DATA below:
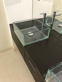 Mobile lavabo di pregio in legno e doppio lavabo in appoggio in vetro completo di miscelatori monocomando Gessi.
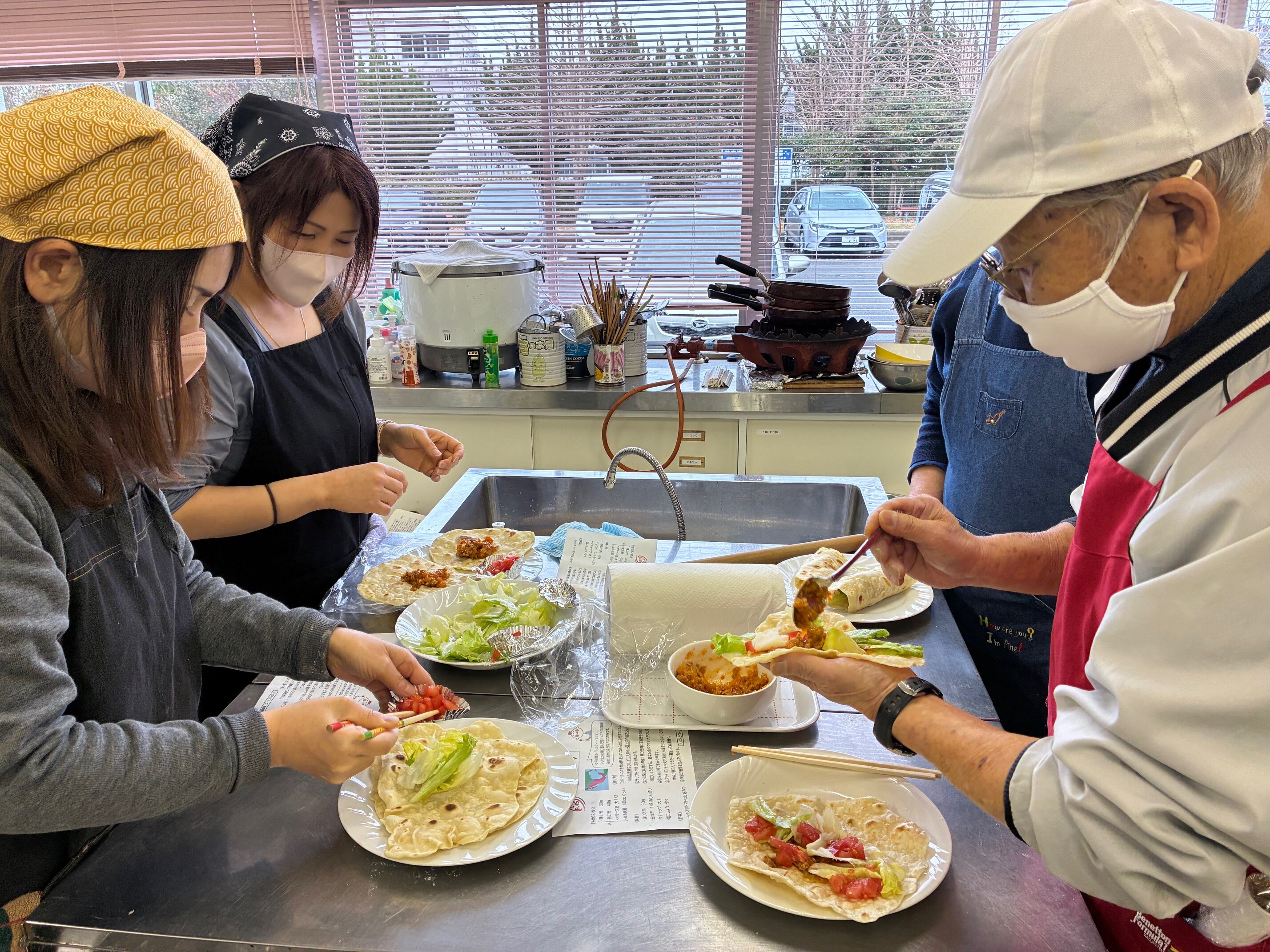 参加者からは「沢山のスタッフがいらしゃったので、手際よく料理を楽しめました。作り方も簡単で美味しかったです」「野菜を沢山食べることが出来とても良かったです」や「鹿嶋の郷土料理の話など、地域の話で盛り上がり楽しかったです。息子が好きなので、自宅でもトルティーヤを作りたいと思います」などの感想が寄せられました。
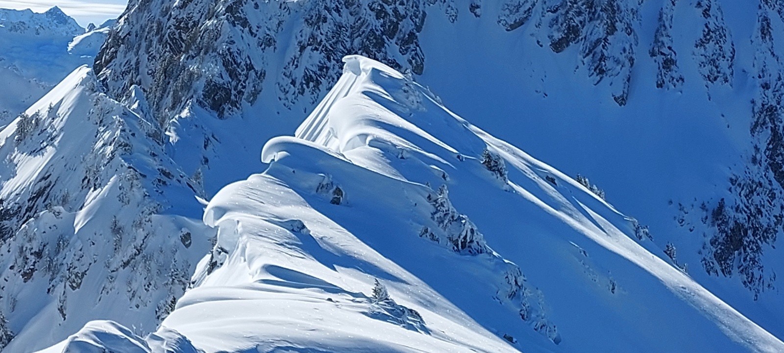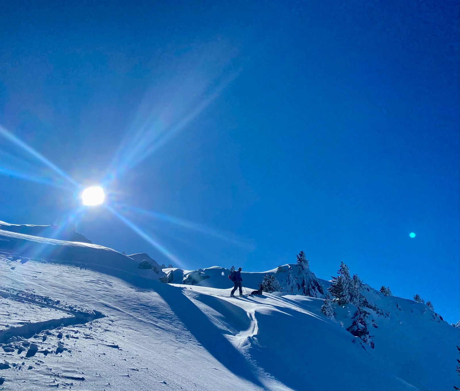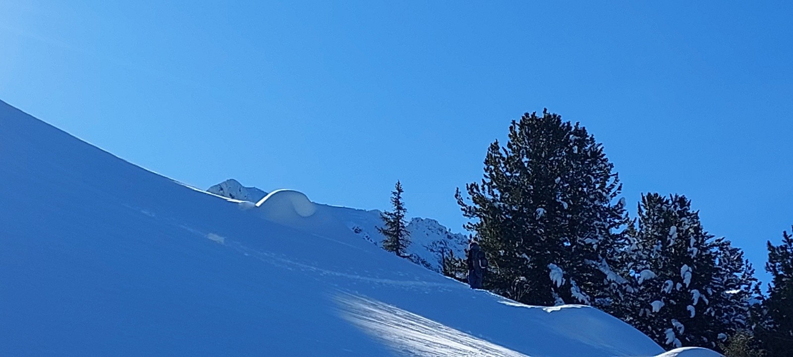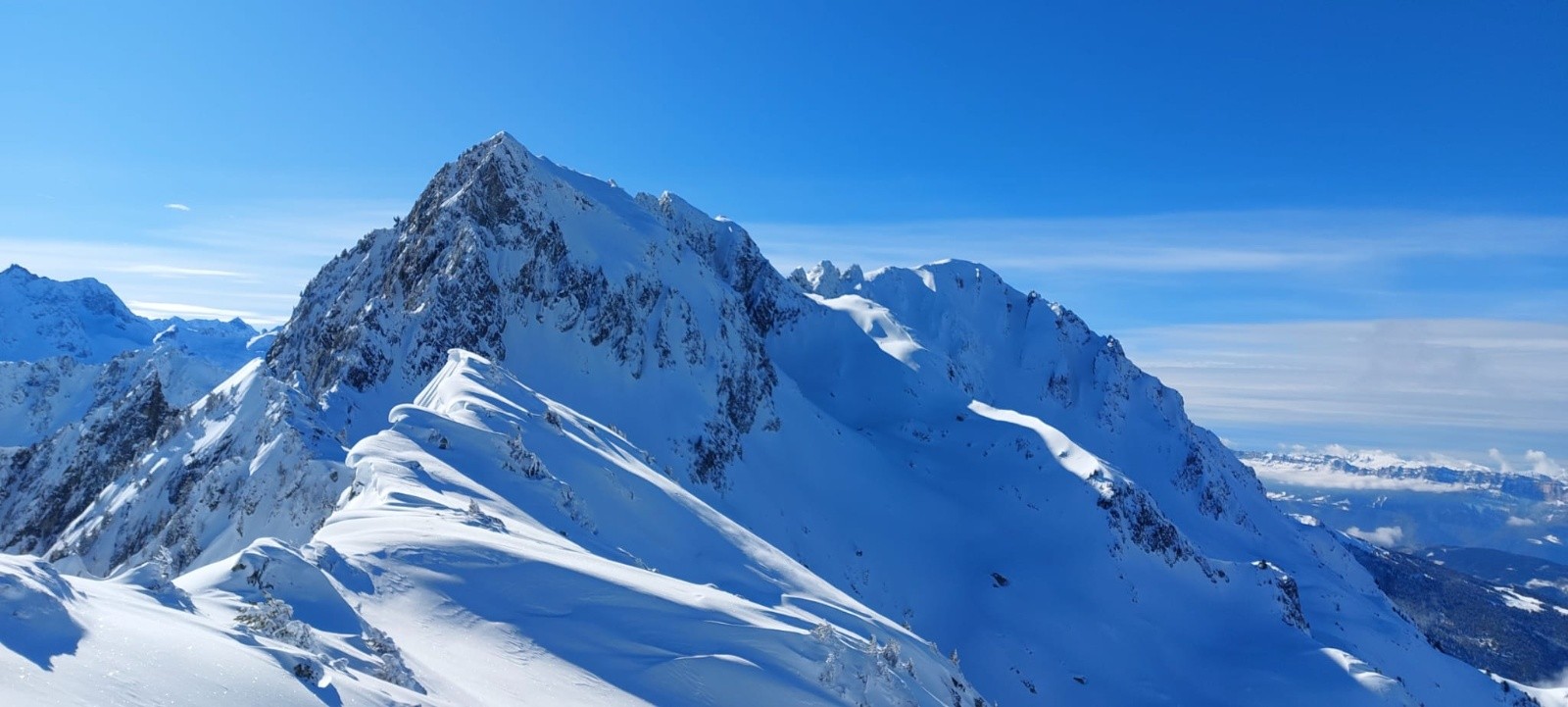 Conditions pour le ski : Excellente, je mets un 5⭐️ mais vous informe que sous 2000m d'altitude subsistent quelques requins sur les croupes soufflées par le vent
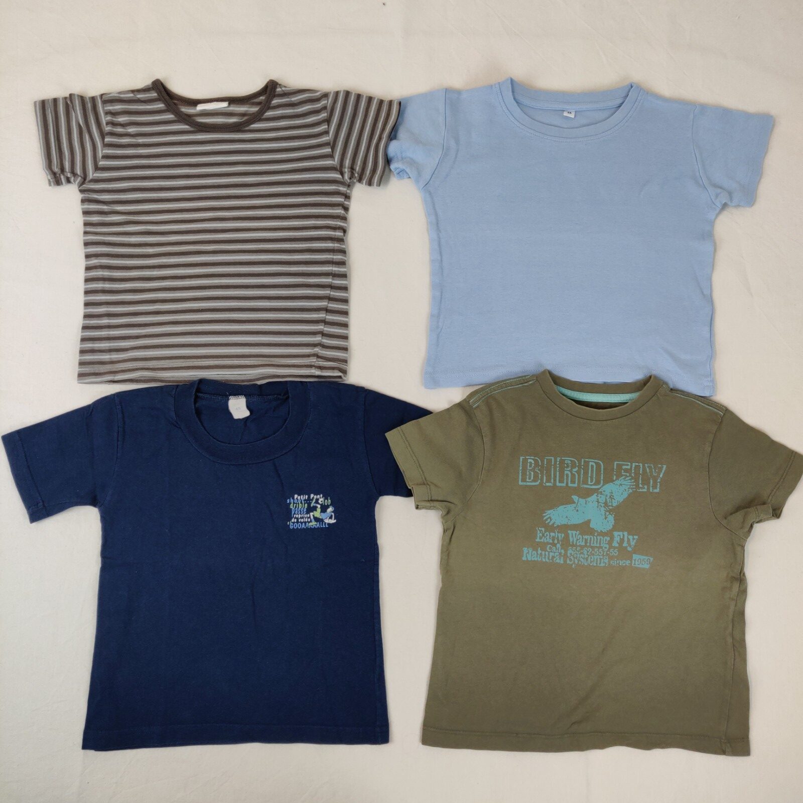 Autres commentaires : Lot de 4 t-shirts à manches courtes. Un t-shirt uni bleu. Un t-shirt Vertbaudet uni vert kaki. Coutures apparentes bleues. Motif central aigle accompagné de l’inscription « Bird Fly ». Un t-shirt rayé marron, marron clair et bleu. Un t-shirt sans marque – bleu marine. Motif central footballeur.
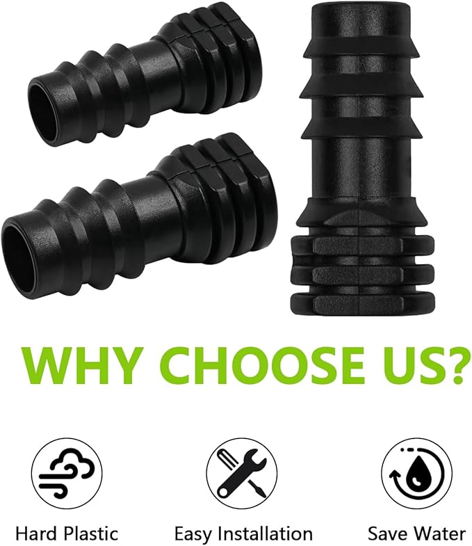 - 【Fits 1/2 Inch Drip Irrigation Tubing】These barbed drip line end plug connectors fit most 1/2 inches drip irrigation tubing with an inner diameter of 1/2 inch or 13 mm.
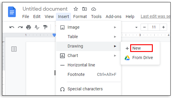 - Click on “Insert,” “Drawing,” and then “New.”
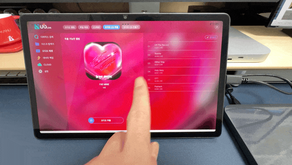 UD LINK를 설치하고 외장 ODD를 동봉된 USB - C 케이블을 이용하여 연결해 주면 따로 전원을 인가해 줄 필요 없이 탭에서 ODD가 작동할 수 있도록 전원까지 넣어주기 때문에 바로 사용할 수 있습니다.
End of DATA.
PROBLEM DETAILS ▸
Copy the records above exactly, from the first line through the line containing "参加者からは「沢山のスタッフ", and leave out the pictures.

ANSWER SECTION ▸
 Mobile lavabo di pregio in legno e doppio lavabo in appoggio in vetro completo di miscelatori monocomando Gessi.
 参加者からは「沢山のスタッフがいらしゃったので、手際よく料理を楽しめました。作り方も簡単で美味しかったです」「野菜を沢山食べることが出来とても良かったです」や「鹿嶋の郷土料理の話など、地域の話で盛り上がり楽しかったです。息子が好きなので、自宅でもトルティーヤを作りたいと思います」などの感想が寄せられました。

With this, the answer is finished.